Chief Justice of Lower Canada
- In office 1794–1801
- Preceded by: William Smith
- Succeeded by: Henry Allcock

Personal details
- Born: March 1754 London, United Kingdom
- Died: 17 January 1824 (aged 69) London, United Kingdom
- Alma mater: Christ Church, Oxford
- Occupation: Barrister
- Profession: Canadian and English jurist

= William Osgoode =

Canadian judge

William Osgoode (March 1754 - 17 January 1824) was the first Chief Justice of Upper Canada (now known as Ontario, Canada).

==Life and career==
He was born William Osgood in London, England, in 1754 to William Osgood (died 1767). His family was Methodist and John Wesley recounted on Sunday, 13 December 1767 of his father that

I was desired to preach a funeral sermon for William Osgood. He came to London nearly thirty years ago, and from nothing increased more and more, till he was worth several thousands of pounds. He was a good man, and died in peace. Nevertheless, I believe his money was a great clog to him, and kept him in a poor, low state all his days, making no such advance as he might have done, either in holiness or happiness.
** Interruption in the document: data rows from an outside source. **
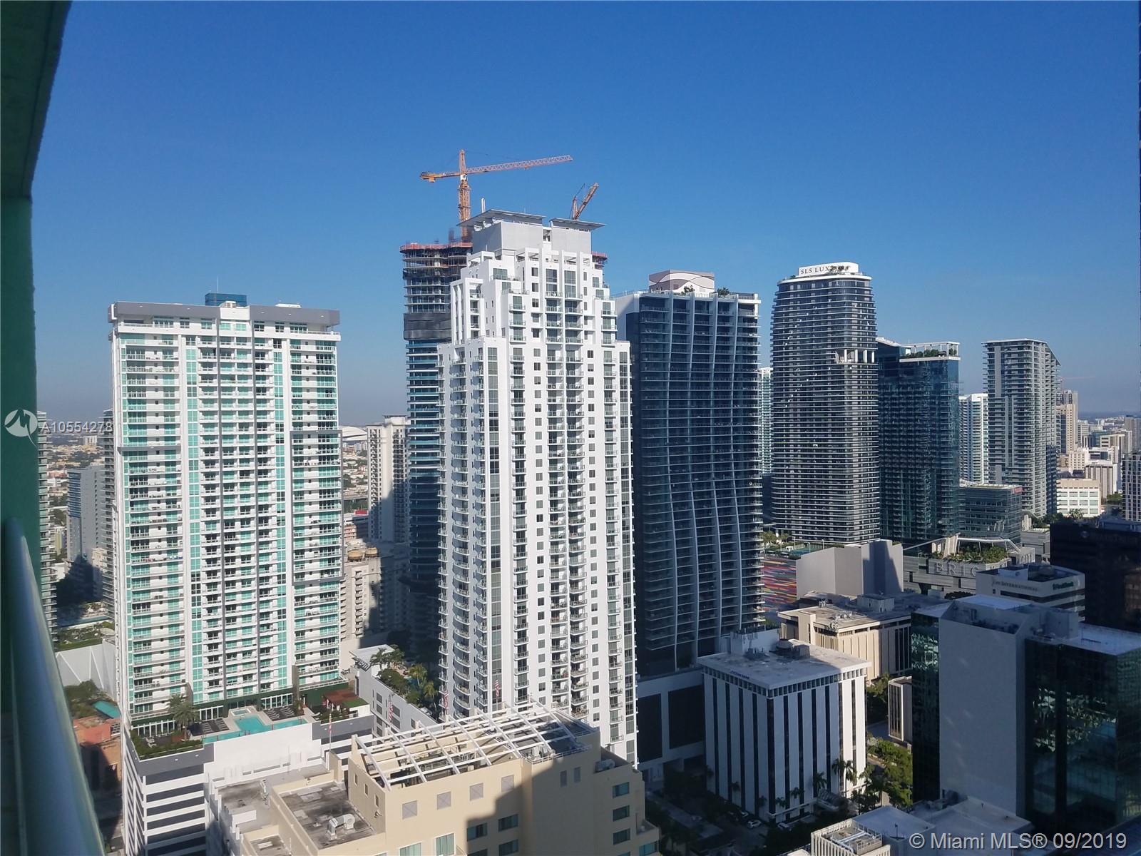 A true gem! Largest square foot unit in the building! 1595 SF (1245 int and 350 ext). Two BR 2 BA PLUS den/3rd BR w/closet. Extra wide oversized balconies - views of bay and city! Cable, super high-speed internet and water in HOA. Fully equipped kitchen with granite counter tops, SS appliances. Master suite with very spacious walk-in closet. Second bedroom with private balcony. Marble flooring. Washer/dryer in unit as well as guess laundry downstairs. Numerous amenities including swimming pools, jacuzzi, huge modern fitness center, steam rooms, community rooms. Near Brickell Key for picturesque neighborhood strolls! Sweeping views (unobstructable) of Biscayne Bay, Miami skyline. Sparkling city night lights. Seller will contribute $2,500 towards Buyer’s closing costs with full price offer.
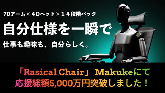 Rasical Japan(ラシカルジャパン)合同会社(本社:京都市下京区、代表社員:眞田 到) は、クラウドファンディングサイト「Makuake」にて開始した「Rasical Chair」が5,000万円を突破しました。
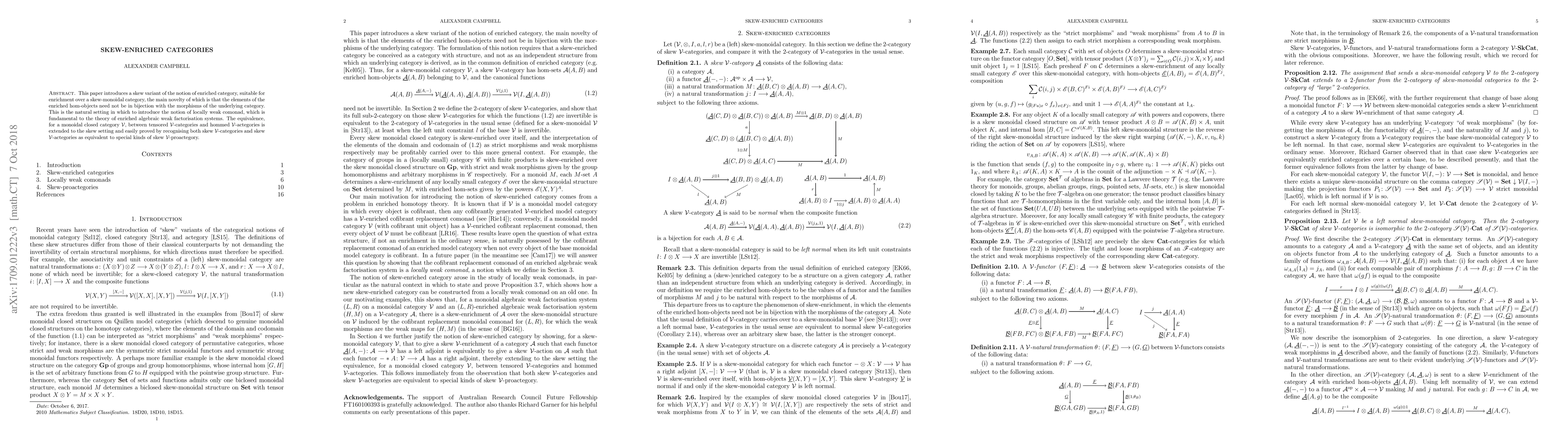 This paper introduces a skew variant of the notion of enriched category, suitable for enrichment over a skew-monoidal category, the main novelty of which is that the elements of the enriched hom-objects need not be in bijection with the morphisms of the underlying category. This is the natural setting in which to introduce the notion of locally weak comonad, which is fundamental to the theory of enriched algebraic weak factorisation systems. The equivalence, for a monoidal closed category $\mathcal{V}$, between tensored $\mathcal{V}$-categories and hommed $\mathcal{V}$-actegories is extended to the skew setting and easily proved by recognising both skew $\mathcal{V}$-categories and skew $\mathcal{V}$-actegories as equivalent to special kinds of skew $\mathcal{V}$-proactegory.
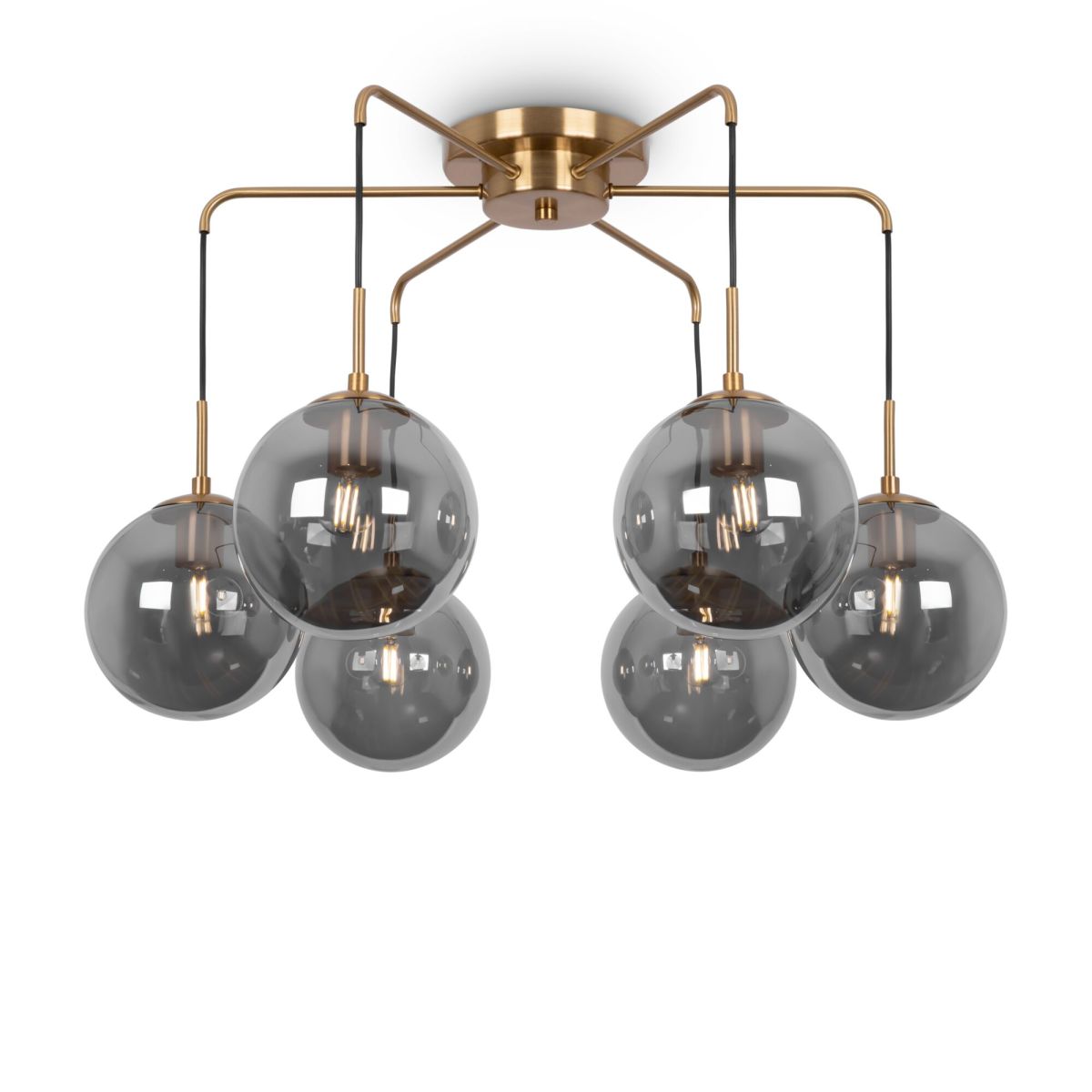 Металлическая арматура. Цвет – матовый черный с золотом. Плафоны-сферы из глянцевого стекла дымчатого оттенка. Широкий ассортимент для комплексного освещения. Источник света – лампа с цоколем E27.

He matriculated at Christ Church, Oxford in 1768, graduating B.A. in 1772, and M.A. in 1777; and was and was called to the bar at Lincoln's Inn in 1779. On 31 December 1791, he was appointed first Chief Justice of Upper Canada. Although he mainly sought the opinions of lawyers from England, Osgoode attempted to adapt the English civil law of the time to fit the needs of a developing colony. For example, he allowed justices of the peace to perform marriages when Anglican priests were not readily available. Osgoode's Judicature Act of 1794 established a system of district courts and a superior provincial court. During his term, legislation was also introduced to abolish slavery. Osgoode also served as a member of John Graves Simcoe's Executive Council for Upper Canada. He also served as Speaker of the Legislative Council (the upper house of the Assembly) in both Upper Canada and Lower Canada.

In 1794, he became Chief Justice of Lower Canada. Osgoode came into conflict with Governor Robert Prescott over an attempt to sort out the issue of land grants in the region. When Prescott was recalled, he came into conflict with Prescott's successor, Lieutenant Governor Robert Shore Milnes. Refusing to recognize slavery, Osgoode systematically freed slaves brought before him in trials as Chief Justice (despite the absence of legislation prohibiting slavery). As a result (alongside the Legislative Assembly's refusal to pronounce itself on the matter), slaves deserted their masters without repercussions.

In 1801, Osgoode resigned and returned to London. He became a member of the Royal Commission on the Courts of Law and help form what eventually led to the Uniformity of Process Act in 1832. Unmarried, Osgoode died in London in 1824 and is buried in St. Mary's Church, Harrow-on-the-Hill.

Osgoode Hall, the location of the Ontario Court of Appeal and the headquarters of the Law Society of Ontario, was named after him, as was Osgoode Hall Law School. In addition, the former Osgoode Township in Ontario also bears his name.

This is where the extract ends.